We can´t all go back to the STates (strong reason behind this). So I´m looking for a First World Country. Not third world like where I am. I love my country don´t get me wrong. However, rent in a good place (near parks and good family life) is $1,200 - $2,500 Salary for I.T. Managers is about 3,000 per month. So, I bearly make ends meet. I do have good savings (40k) So I´m looking for a place where my child would have a good education, nice parks and not so much smog (like in Panama city) The rent has been going up and up like crazy. Not even in California. For example, I would pay $850 for a 2 bedroom apartment in the nice area of Sacramento, CA. Great schools, parks in every community and a pretty decent public transportation system. I would earn $5k per month as an I.T. manager. 

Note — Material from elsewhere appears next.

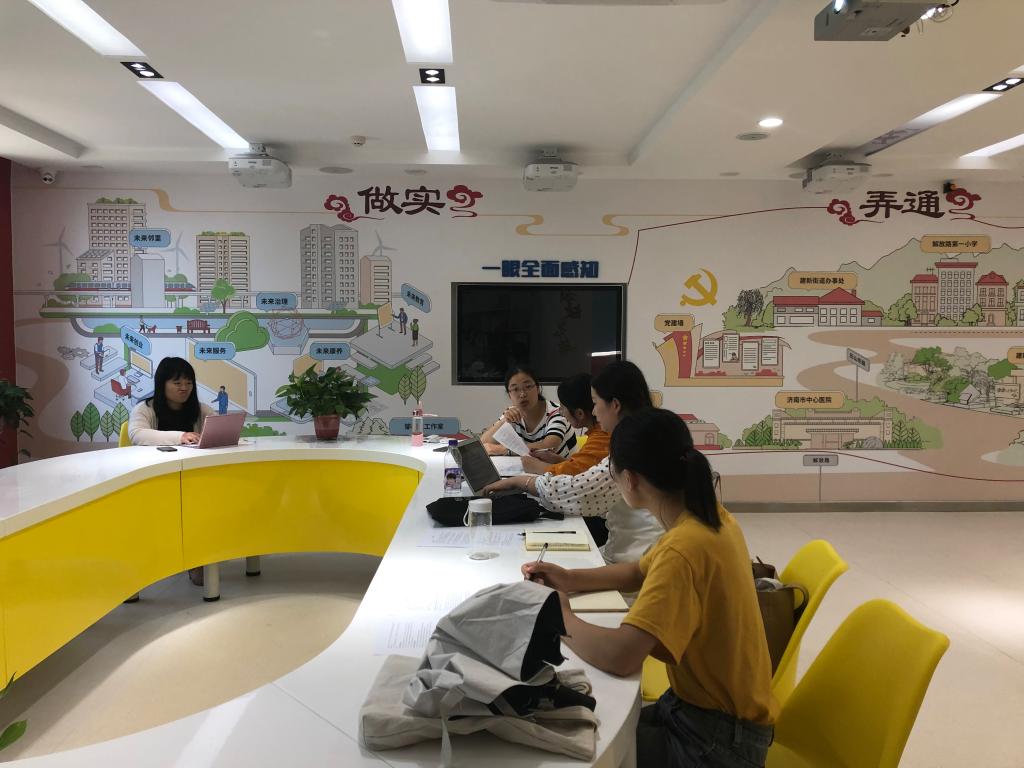 试调研可以通过小范围试点,发现不经过实践所无法发现的种种理论问题、难以预料的实际问题以及调研计划中的薄弱环节与遗漏的空白部分。同时,本次试调研也是前期访员培训的总结活动。通过本次实践,可以观察出团队成员培训的成效,并在试调研中加强团队成员的配合度。本次试调研中,团队成员分为三小组,三人一组,对解放路社区工作人员、家属进行试调研。调研结束后,李明叶对于团队成员的调研表现进行点评与总结。她认为,团队成员对于访谈内容已经有了基本的掌握,但是部分成员仍存在着无法脱离访谈提纲、对于问题次序难以灵活掌握的问题。此外,在试访谈过程中,团队成员发现,部分访谈内容与主题关联性较弱,或存在着重复提问的问题。因此,在试调研之后,团队成员分别对本次试访谈心得进行交流,在团队讨论后,修改访谈内容,以便后期在进行正式访谈的过程中,避免漏洞和缺失。

I don´t want to go on and on comparing places because then it would seems as I´m complaning and I´m not. I´m just trying to find out the facts about a place where I want to live for the next several years (Germany) or any other that offers what I´m looking for.

To be more specific on the visa time line, I want to possibly enroll in a Master´s degree to further my education (Student visa). But first I want to learn the language very well. 

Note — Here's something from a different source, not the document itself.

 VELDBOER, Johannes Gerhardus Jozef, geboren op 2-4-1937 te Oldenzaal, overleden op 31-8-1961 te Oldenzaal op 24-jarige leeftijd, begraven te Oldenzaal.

I do plan to make a short 30 day trip to find things out but I´m doing some research at the moment and asking some questions in different forums.

Thank you once again for replying and providing your input.

Alx


----------



## Seb* (Mar 22, 2009)

panama said:


> To be more specific on the visa time line, I want to possibly enroll in a Master´s degree to further my education (Student visa). But first I want to learn the language very well.
> 
> I do plan to make a short 30 day trip to find things out but I´m doing some research at the moment and asking some questions in different forums.

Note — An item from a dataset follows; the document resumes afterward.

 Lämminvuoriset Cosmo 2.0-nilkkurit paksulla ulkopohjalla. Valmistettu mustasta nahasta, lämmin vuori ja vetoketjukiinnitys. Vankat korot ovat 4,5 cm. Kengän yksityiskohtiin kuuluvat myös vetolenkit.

But you are aware, that the possibilities to work and earn money under a student visa are very limited - and likely not sufficent to support a family (in all EU states!), right? And what happens after your student visa runs out? It's not easy to get a a full visa. You would need to be sponsored by a company, which has to prove it can't fill the spot with an EU citizen. IT managers are not very rare here ...


----------



## panama (Nov 24, 2011)

Seb* said:


> But you are aware, that the possibilities to work and earn money under a student visa are very limited - and likely not sufficent to support a family (in all EU states!), right? And what happens after your student visa runs out? It's not easy to get a a full visa. You would need to be sponsored by a company, which has to prove it can't fill the spot with an EU citizen. IT managers are not very rare here ...


Love this forum. Much faster responses than others. Both my wife and I have TEFL certificate for teaching English. I don´t mind working for other industries as well. I´ve worked in construction before, doing electrical wiring and even work in retail. I will have some income coming in from my small business in the US (about $2,500 per month). I´d like to know more about the cost of rent, food, school fees for my kid, insurance and so forth. 

I know one needs a job to survive but I´m thinking more about the first year costs to get an idea of how much more I would need in the long run. As I did in California when I moved there. Once I knew the language it was a lot easier to get a decent job and further my education and get a higher paying job.

Thanks again for getting back so quick.

Alx


----------